START Data shown
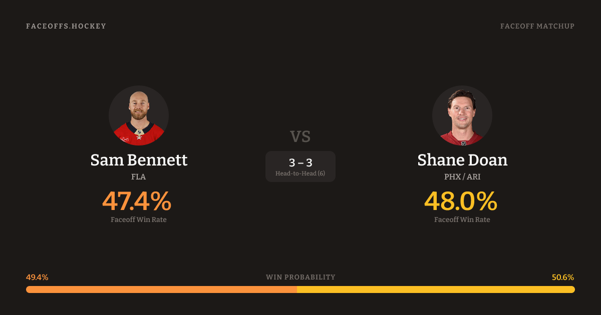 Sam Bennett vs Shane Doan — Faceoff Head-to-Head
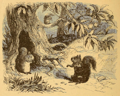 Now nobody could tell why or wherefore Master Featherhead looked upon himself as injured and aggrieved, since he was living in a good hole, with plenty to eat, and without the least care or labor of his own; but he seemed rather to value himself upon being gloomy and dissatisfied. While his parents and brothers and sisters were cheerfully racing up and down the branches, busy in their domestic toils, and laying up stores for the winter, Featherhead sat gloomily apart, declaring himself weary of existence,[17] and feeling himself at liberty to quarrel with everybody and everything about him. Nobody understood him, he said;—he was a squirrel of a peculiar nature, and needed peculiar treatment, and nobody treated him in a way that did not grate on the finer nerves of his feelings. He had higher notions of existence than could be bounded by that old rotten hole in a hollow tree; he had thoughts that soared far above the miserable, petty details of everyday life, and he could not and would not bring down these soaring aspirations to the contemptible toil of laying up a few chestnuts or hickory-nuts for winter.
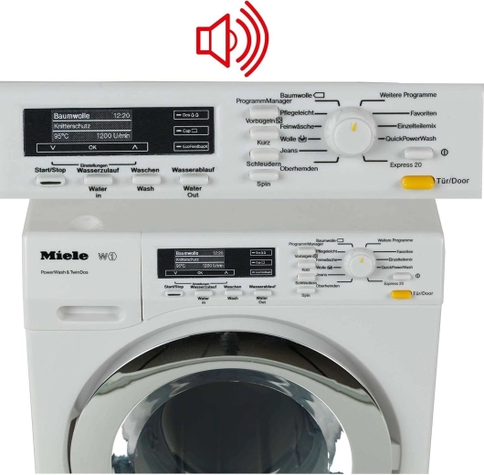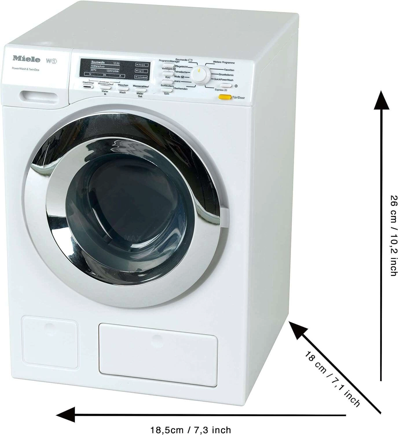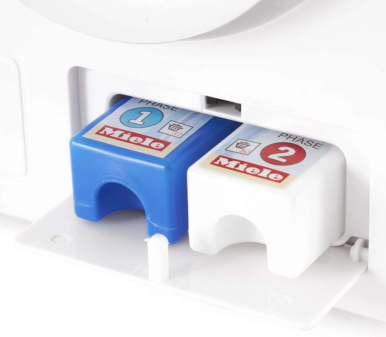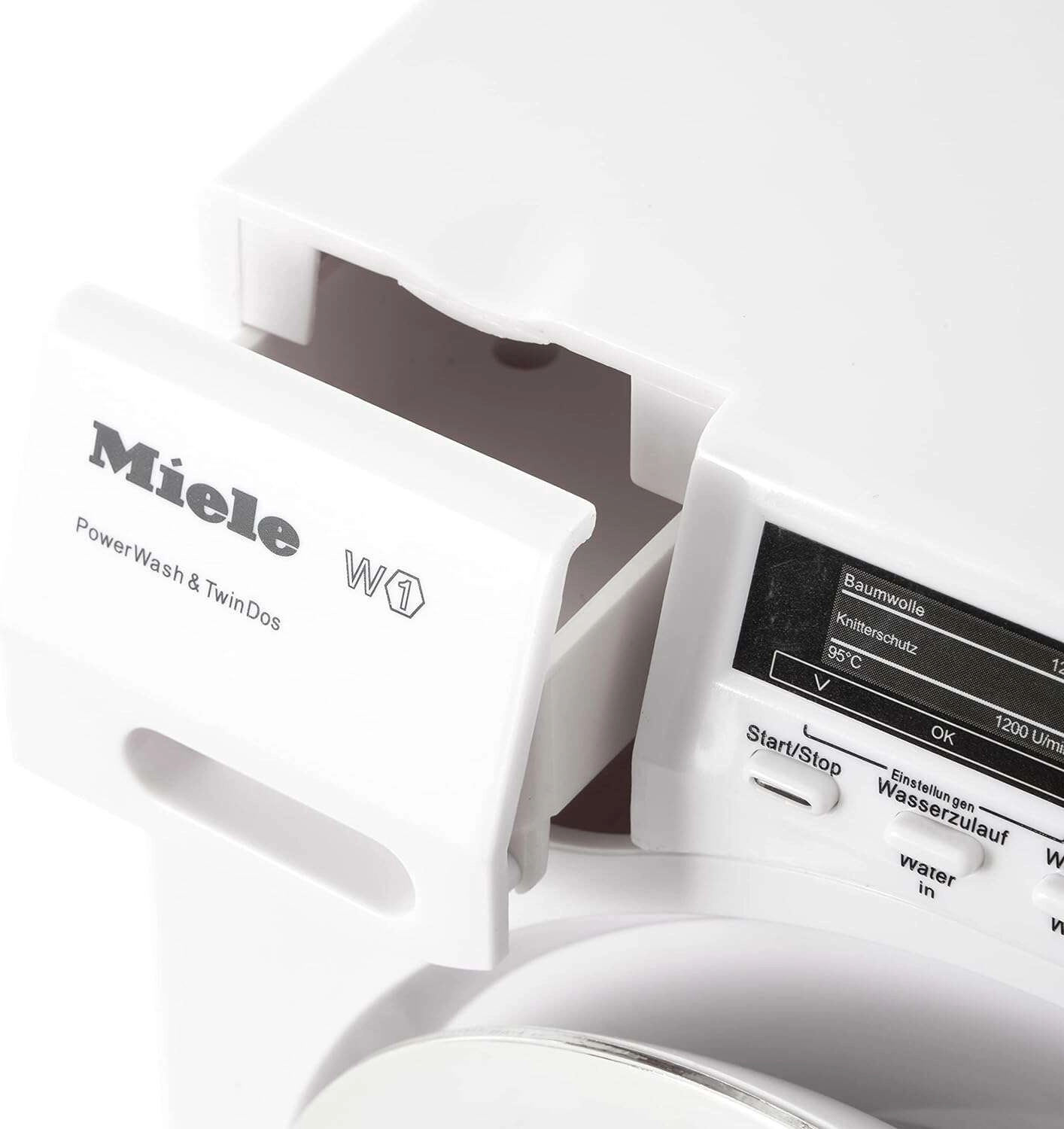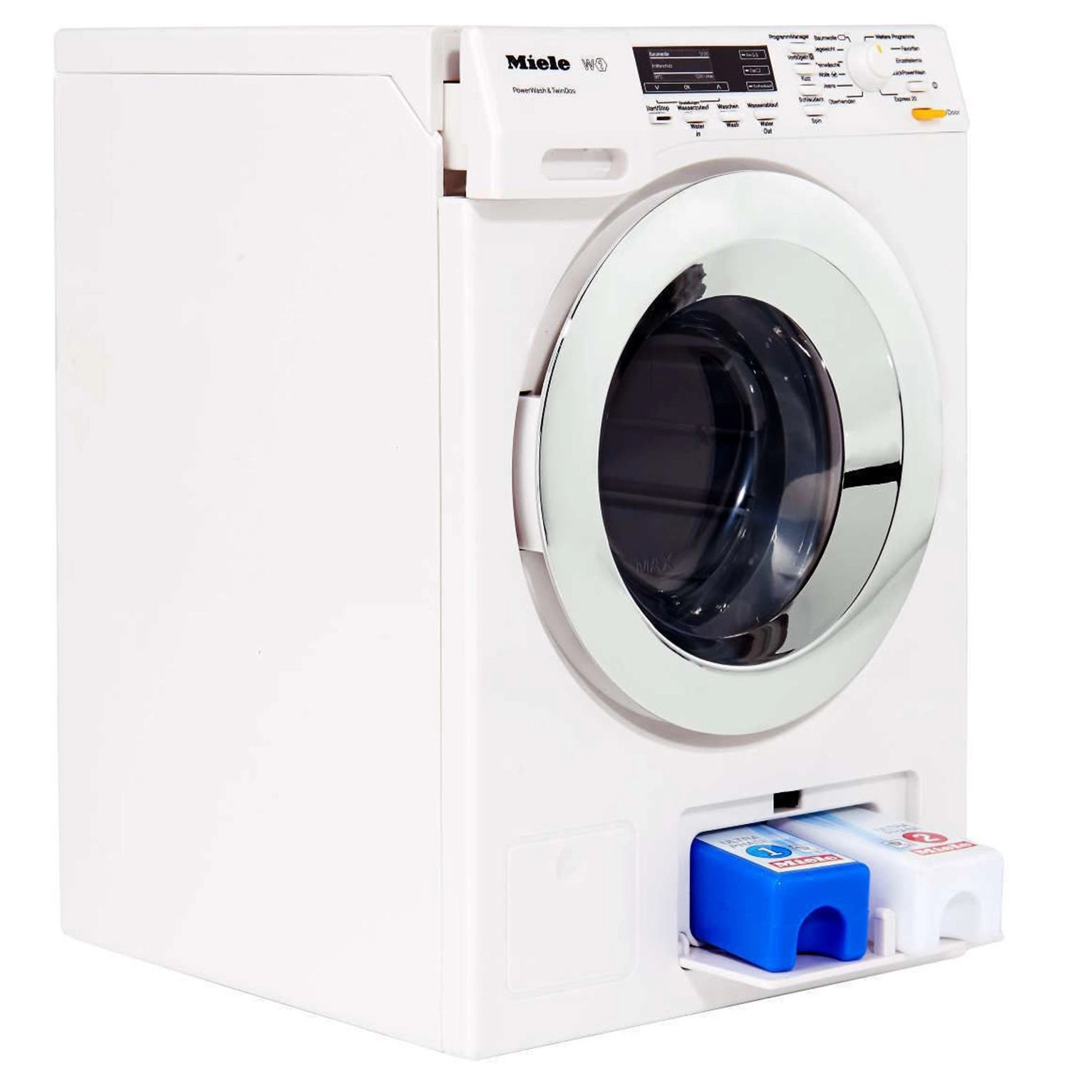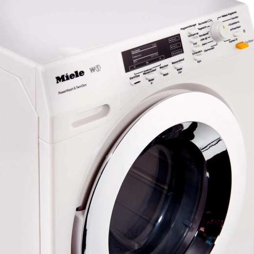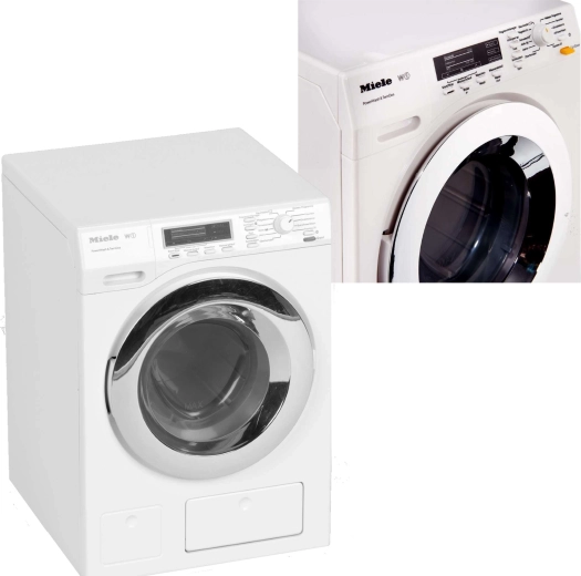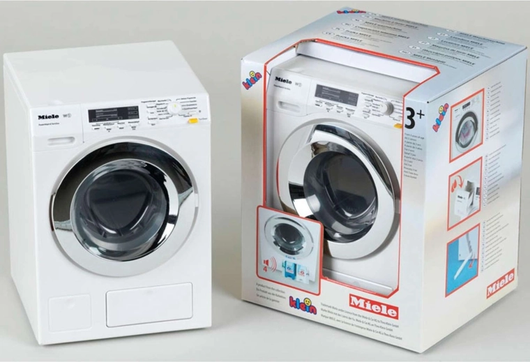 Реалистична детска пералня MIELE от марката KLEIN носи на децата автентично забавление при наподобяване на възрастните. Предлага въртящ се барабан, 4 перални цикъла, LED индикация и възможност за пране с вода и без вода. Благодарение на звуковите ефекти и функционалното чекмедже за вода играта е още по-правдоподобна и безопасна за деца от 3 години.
END Data shown
Task directions → Would you return the whole listing above exactly as written, skipping any image?

Solution to the problem →
 Sam Bennett vs Shane Doan — Faceoff Head-to-Head
 Now nobody could tell why or wherefore Master Featherhead looked upon himself as injured and aggrieved, since he was living in a good hole, with plenty to eat, and without the least care or labor of his own; but he seemed rather to value himself upon being gloomy and dissatisfied. While his parents and brothers and sisters were cheerfully racing up and down the branches, busy in their domestic toils, and laying up stores for the winter, Featherhead sat gloomily apart, declaring himself weary of existence,[17] and feeling himself at liberty to quarrel with everybody and everything about him. Nobody understood him, he said;—he was a squirrel of a peculiar nature, and needed peculiar treatment, and nobody treated him in a way that did not grate on the finer nerves of his feelings. He had higher notions of existence than could be bounded by that old rotten hole in a hollow tree; he had thoughts that soared far above the miserable, petty details of everyday life, and he could not and would not bring down these soaring aspirations to the contemptible toil of laying up a few chestnuts or hickory-nuts for winter.
 Реалистична детска пералня MIELE от марката KLEIN носи на децата автентично забавление при наподобяване на възрастните. Предлага въртящ се барабан, 4 перални цикъла, LED индикация и възможност за пране с вода и без вода. Благодарение на звуковите ефекти и функционалното чекмедже за вода играта е още по-правдоподобна и безопасна за деца от 3 години.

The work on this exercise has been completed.